The taxon we are modeling has its environmental niche optimum in 10 m water depth (opt = 10), is moderately tolerant to fluctuations in water depth (tol = 5) and does not survive on land (cutoff_val = 0).

With the niche and the change in gradient defined, we can use apply_niche for niche modeling.

p3(rate = 300, from = min_time(adm_2km), to = max_time(adm_2km)) |> # model occurrences of taxon based on a constant rate
  apply_niche(niche_def = my_niche, gc = gc) |>                     # apply the niche model
  hist(xlab = "Time [Myr]",
       main = "Fossil abundance",
       ylab = "# Fossils",
       breaks = seq(from = min_time(adm_2km), to = max_time(adm_2km), length.out = 40))

fossil abundance in the time domain, with incorporation of niche modeling.

Here you can see that the taxon only occurs at times where the water depth is favorable for it. Around 2 Myr, the water depth is too shallow, and the fossil abundance is reduced.

With the basic niche modeling done, we can incorporate it into our modeling pipeline to examine the joint effects of stratigraphic distortion by age-depth models and niche preferences.

p3(rate = 300, from = min_time(adm_2km), to = max_time(adm_2km)) |> # model occurrences based on constant rate
  apply_niche(niche_def = my_niche, gc = gc) |>                     # apply niche model
  time_to_strat(adm_2km, destructive = TRUE) |>                     # transform into strat. domain, destroy fossils that coincide with hiatuses 
  hist(xlab = "Stratigraphic height [m]",                           # plot results
       main = "Fossil abundance 2 km from shore",
       ylab = "# Fossils",
       breaks = seq(from = min_height(adm_2km), to = max_height(adm_2km), length.out = 40))

fossil abundance in the stratigraphic domain, with incorporation of niche modeling.

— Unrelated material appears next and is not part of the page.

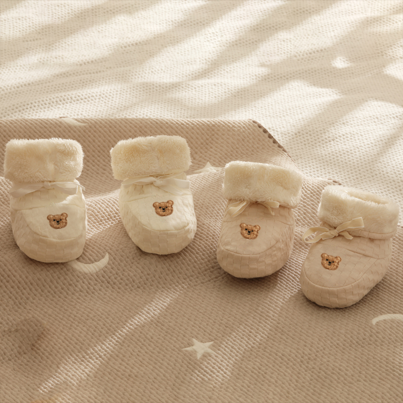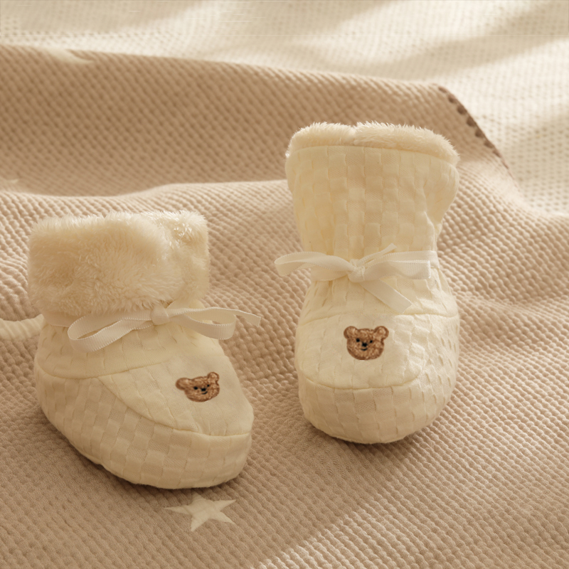 Baby shoes Autumn and winter newborn thick warm 0-6 months soft sole male and female baby cotton shoes plus fleece front shoes

You can see a general decrease in fossil abundance, but in contrast to the time domain, no prolonged intervals without the fossil are visible. This is because the gaps in fossil abundance in the time domain coincide with hiatuses, and will thus not be visible in the stratigraphic domain. The decrease in fossil abundance seen here is because the carbonate platform stratigraphy used here is characterized by continuous growth of carbonates, which fill in the available accommodation space, thus reducing the water depth over time. This is a typical scenario in many carbonate platforms, but other scenarios are possible.

list("t" = t, "y" = wd) |>    # create list with time - water depth information
  time_to_strat(adm_2km) |>   # transform into the strat. domain
  plot(orientation = "lr",    # plot water depth information in the stratigraphic domain
       type = "l",
       xlab = "Stratigraphic position [m]",
       ylab = "Water depth [m]",
       main = "Water depth in section 2 km from shore")

water depth 2 km from shore expressed in the stratigraphic domain.

Task: How does the effect of niche preference change across the onshore-offshore gradient? There is a dependency between stratigraphic effects (gaps, changes in sedimentation rate) and water depth/eustatic sea level. Does linking ecology to water depth strengthen or weaken the effects of stratigraphic distortions examined in section “stratigraphic distortions of event type data”?